In mathematics, an extreme value of a function refers to either a maximum or a minimum point. For quadratic functions like \(f(x) = x^2 + px + q\), which are parabolic in nature, these points are often found at the vertex of the parabola.
An extreme value is crucial because it represents either the highest or lowest point on the graph over a specific interval. In our exercise, we look for extreme values on the interval \([0, 2]\).
To find an extreme value, we need the derivative of the function to be zero at that point. This is based on the idea that at high and low turning points of a continuous curve, the slope (or rate of change) is flat, which corresponds to the derivative being zero.
Extreme values can offer insightful information about the behavior of the function. They tell us where the graph changes direction, which can be useful for understanding the overall shape and pattern of a function.

Derivatives play a vital role in calculus and are used to measure how a function changes as its input changes. More specifically, a derivative gives the slope of a function at any given point.
For our quadratic function \(f(x) = x^2 + px + q\), we find its derivative to understand how the function behaves around the point \(x = 1\).
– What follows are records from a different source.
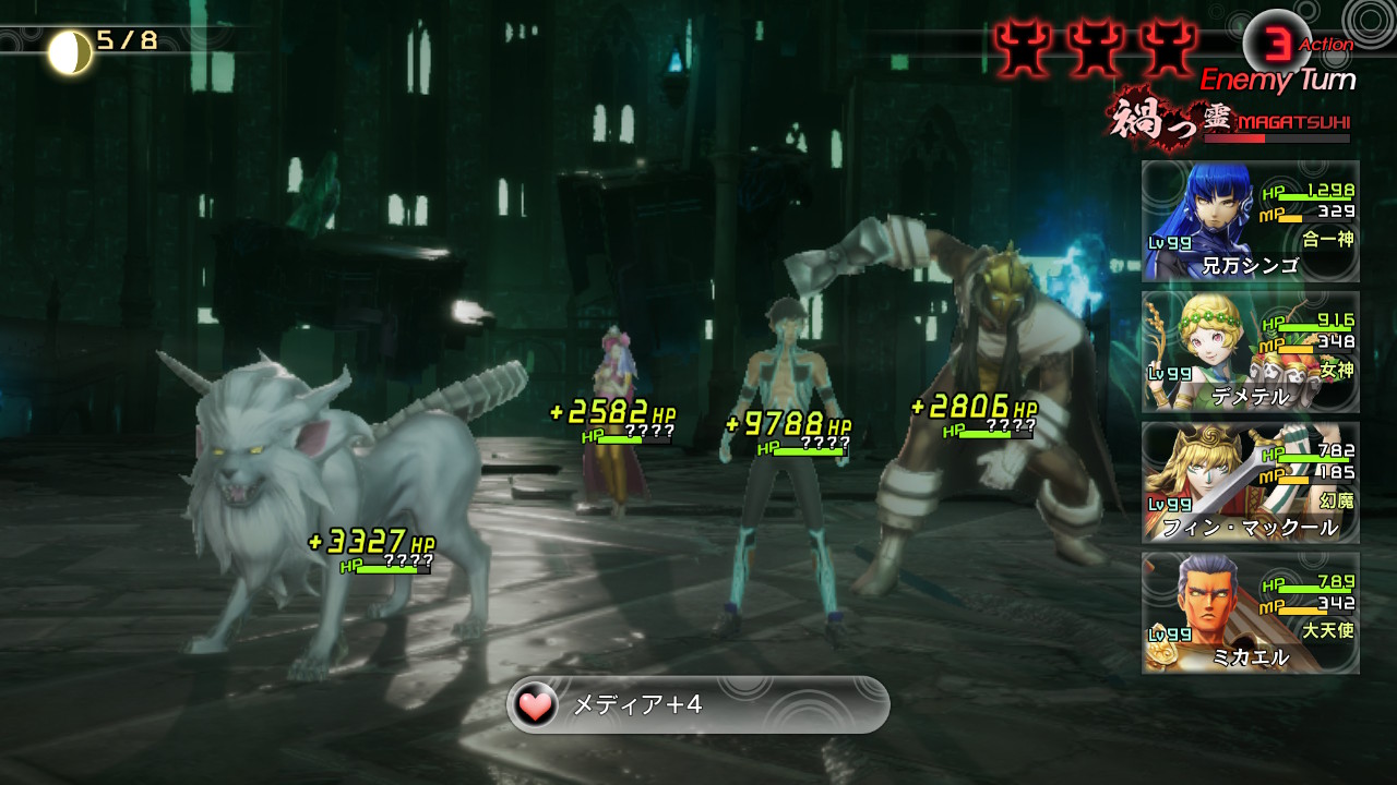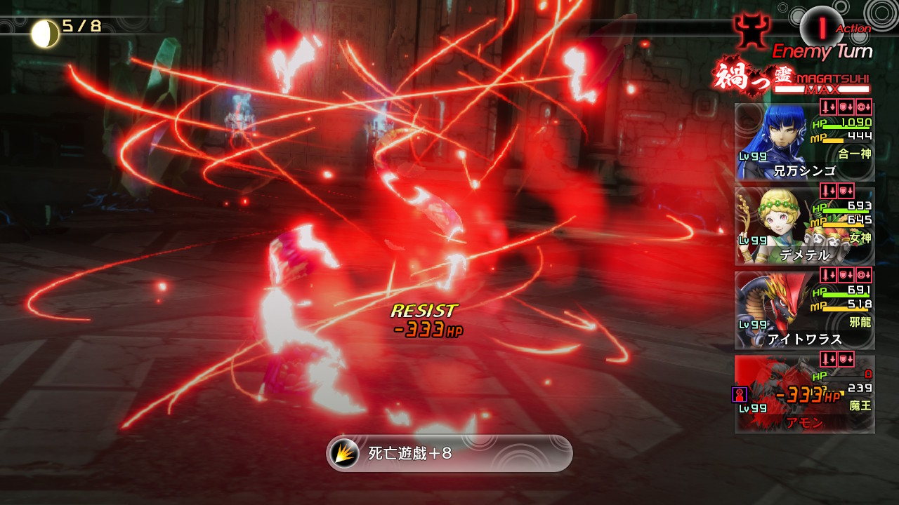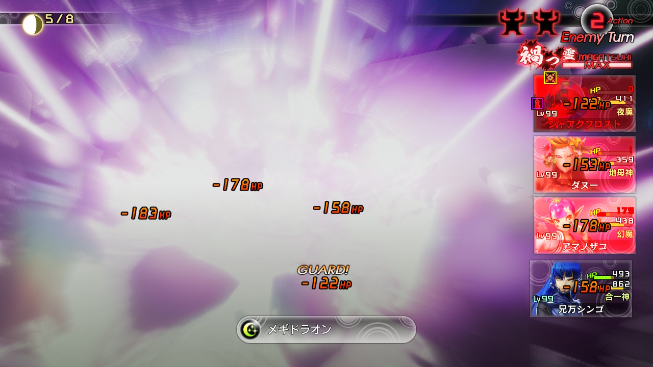 やはり物理耐性じゃなくて反射とかで固めた方が良かったかな?でも手元にはないし。固めすぎると最悪コンボ発動されるし。あとどうあがいても取り巻きにメギドラオンは使われる。casual以来、属性攻撃見てない気がします。殆どメギドラオンばかり。
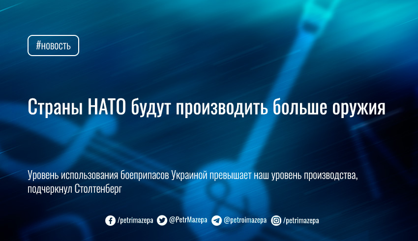 «Война в Украине… опустошает арсеналы союзников. Текущий уровень использования боеприпасов Украиной во много раз выше нашего уровня производства. Это давит на нашу оборонную промышленность. К примеру, ожидание боеприпасов большого калибра увеличилось с 12 до 26 месяцев. Заказы, размещенные сегодня, будут доставляться всего через два с половиной года», — сказал Столтенберг.
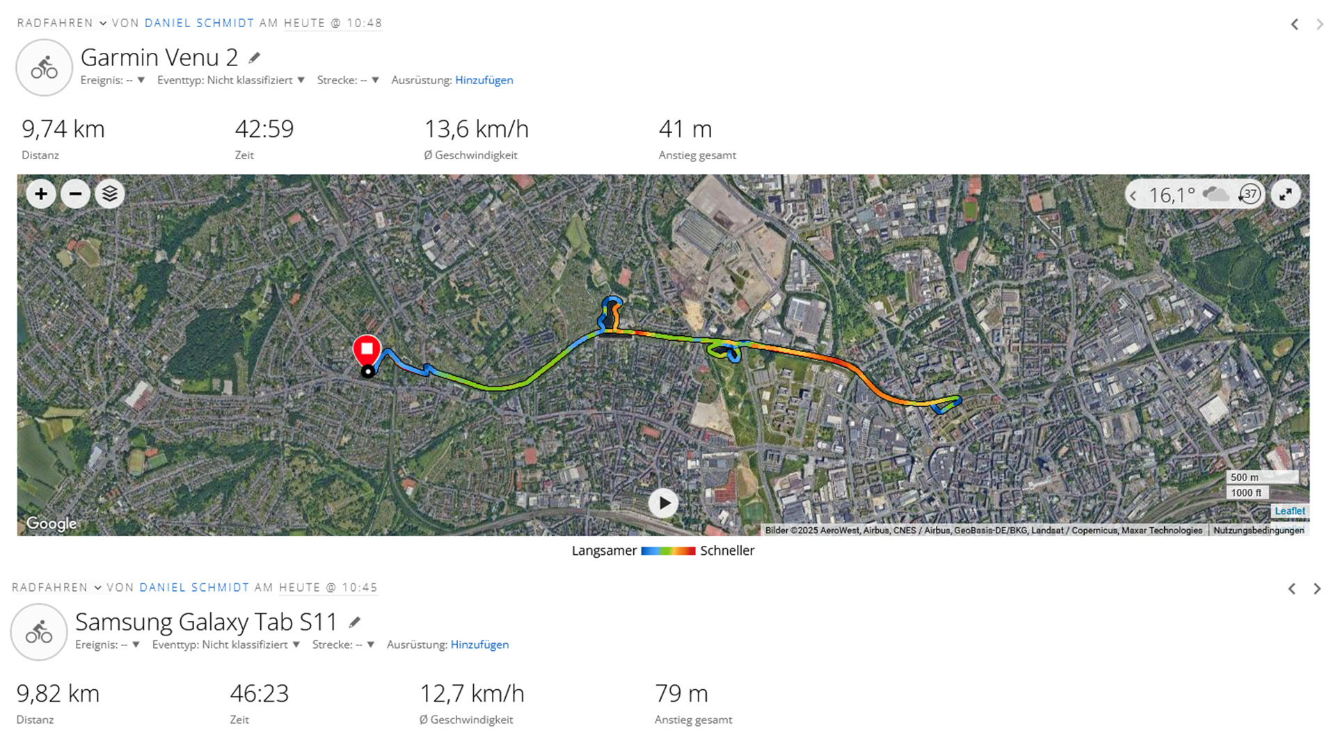 Para probar su precisión, llevamos la tableta Galaxy a dar un paseo en bicicleta con un Garmin Venu 2. La Tab S11 trazó nuestra ruta de forma fiable, aunque se apreciaron algunas desviaciones.

The derivative is given by \(f'(x) = 2x + p\).
To locate extreme values, such as maxima or minima in the interval considered, we often set this first derivative to zero. This calculation let's us confirm points where the function stops increasing or decreasing. In our case, setting \(f'(1)=0\) leads to solving \(2 + p = 0\), finding \(p = -2\).
Derivatives not only pave the way to locate extreme points but also indicate intervals where the function is increasing or decreasing, giving a more complete picture of the function's behavior.

The concavity test is an important tool to determine whether an extreme point is a maximum or a minimum.
The idea is simple: by examining the second derivative of a function, known as \(f''(x)\), we can determine the curvature, or concavity, around the extreme point. For quadratic functions like ours, the second derivative is constant; here, \(f''(x) = 2\).
If \(f''(x) > 0\), the graph is concave up, resembling a bowl shape. This indicates that the vertex, or extreme point, is a minimum. Conversely, if \(f''(x) < 0\), the graph is concave down, like an upside-down bowl, indicating a maximum.
In this exercise, since \(f''(x) = 2\) is positive, the extreme value at \(x = 1\) is indeed a minimum. This test gives a quick and definitive answer to whether we have a high or low turning point at an extreme value.